Set Up the Home for Safety and Mobility.

Whether your parents choose to move in with you or remain in their own house, make sure the space is configured to optimize both safety and mobility for them. The World Health Organization notes that falls in the home are the second leading cause of unintentional injury deaths, and senior adults are among the most vulnerable to these injuries.   

However, simple modifications to the living space can decease your parents’ risk of falling and ensure they can move around with relative ease and support. Here are some DIY solutions to make all rooms in the house safer for your parents to navigate. 

  • Remove all clutter from the floor, so their walkways are not obstructed. Secure electrical cords flush against the wall, and only area rugs if they are slip-resistant. 
  • Keep all dishware, utensils and appliances within easy access. Eliminate the need for using step-stools or bending low in the kitchen. Move sharp objects out of reach if your parents begin to exhibit symptoms of cognitive decline. 
  • Install grab bars in the bathrooms and on stair railings to help them maintain balance. If the home has two stories, ensure their bedroom is on the ground level.
  • Optimize all light fixtures, so that each room in the house is bright and visible, and the on-off switches are accessible without help.  

Review the Financial Situation Together.

Another area of planning to include your parents in is their financial affairs. Growing older costs money, so there are numerous costs to think about.
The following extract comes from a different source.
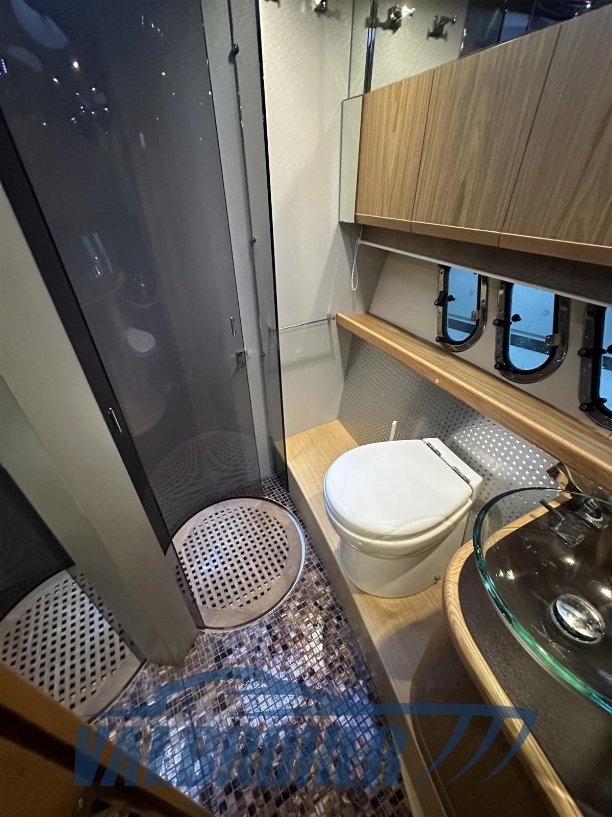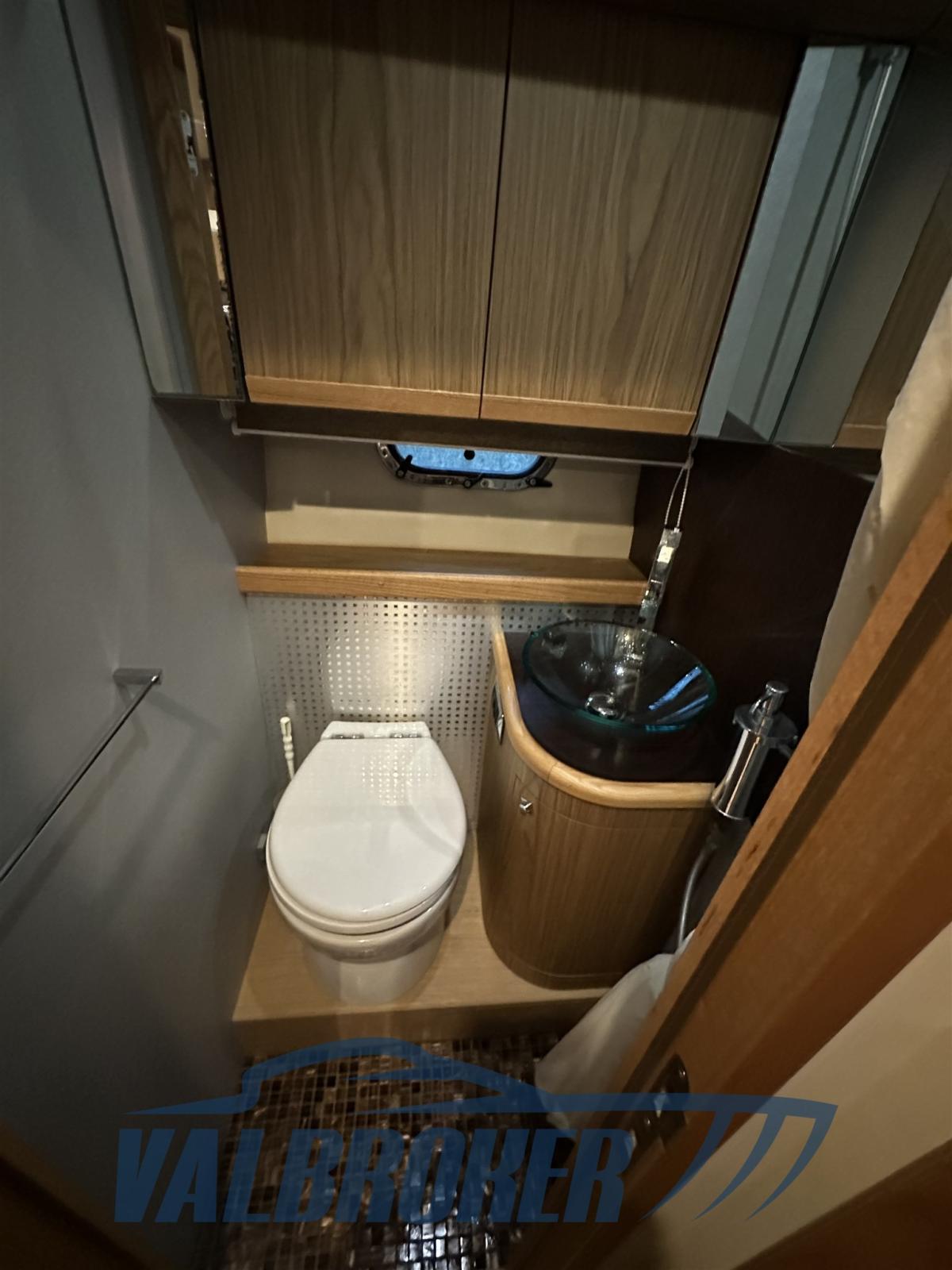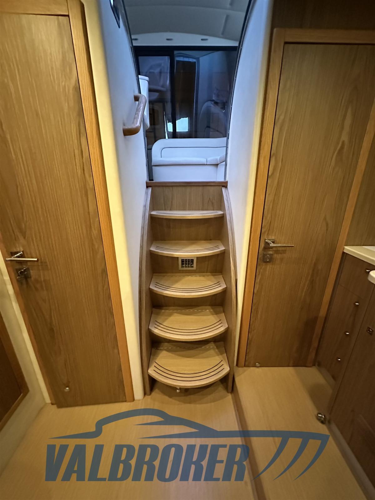 Practical coupé with door from the Lake Como shipyard with three cabins on the floor: double cabin in the bow, guest cabin with two separate beds (joinable), cabin with French bed and two bathrooms. It drives 2x IPS 600 Volvo Penta with Joystick and only 600 hours of operation. Interior in light woods.

Healthcare (e.g. doctor visits, medications, equipment, and surgeries or procedures), home safety modifications, insurance policies, basic daily needs (e.g. food, clothing and personal items), transportation and long-term residential solutions are some of the main expenses you’ll need to account for. 

Invite your parents to sit down with you and evaluate together how much you all can afford to spend on these necessities given their current finances. Determine how much they’ve been able to save through retirement plans and investment portfolios, then calculate how much they will have to subsidize with federal programs such as Medicaid. Also, consider meeting with an elder law attorney or financial advisor to help with the money decisions.      

Look into Their Options for Memory Care.

If you start to notice behaviors associated with the onset of Alzheimer’s or dementia, it might be time to explore memory care services and facilities for your parents. Cognitive decline is not only a source of fear and frustration for them, but it can also take an emotional toll on you which could result in caregiver burnout. This is where memory care options come in—to share the load with you and offer high-quality treatment to your parents. 

When choosing a memory care solution, there are obvious factors to think about such as the expense, location, resources, interventions and amenities. But even more importantly, you want to find the option that will make your parents feel most comfortable and provide them with a sense of community. Here are some memory care program considerations to look for:

  • Involves family members in planning and decision making
  • Updates family members on changes in treatment protocol or living situation
  • Offers medical attention onsite, and has staff trained in dementia or Alzheimer’s care
  • Assists with hygiene care, provides nutritious, varied meals, and tailors onsite amenities to each resident’s diet, interests, abilities and other needs
  • Plans social activities for residents to participate in on weekends, evenings and holidays
  • Ensures the facility is clean, safe and well-maintained 
  • Has many visiting hour options for family members to choose from
  • Provides off-site transportation for residents when necessary
  • Facilitates religious services and celebrations (or offers transport to those services) 
  • Treats all residents with dignity, respect and personalized attention

Help Your Senior Parents Age with Confidence.

There’s no denying this transition will require adjustments in the relationship with your parents, but with a clear game-plan, it doesn’t have to cause undue stress either. Navigate the process in a way that works for all of you and use this guide as a place to start.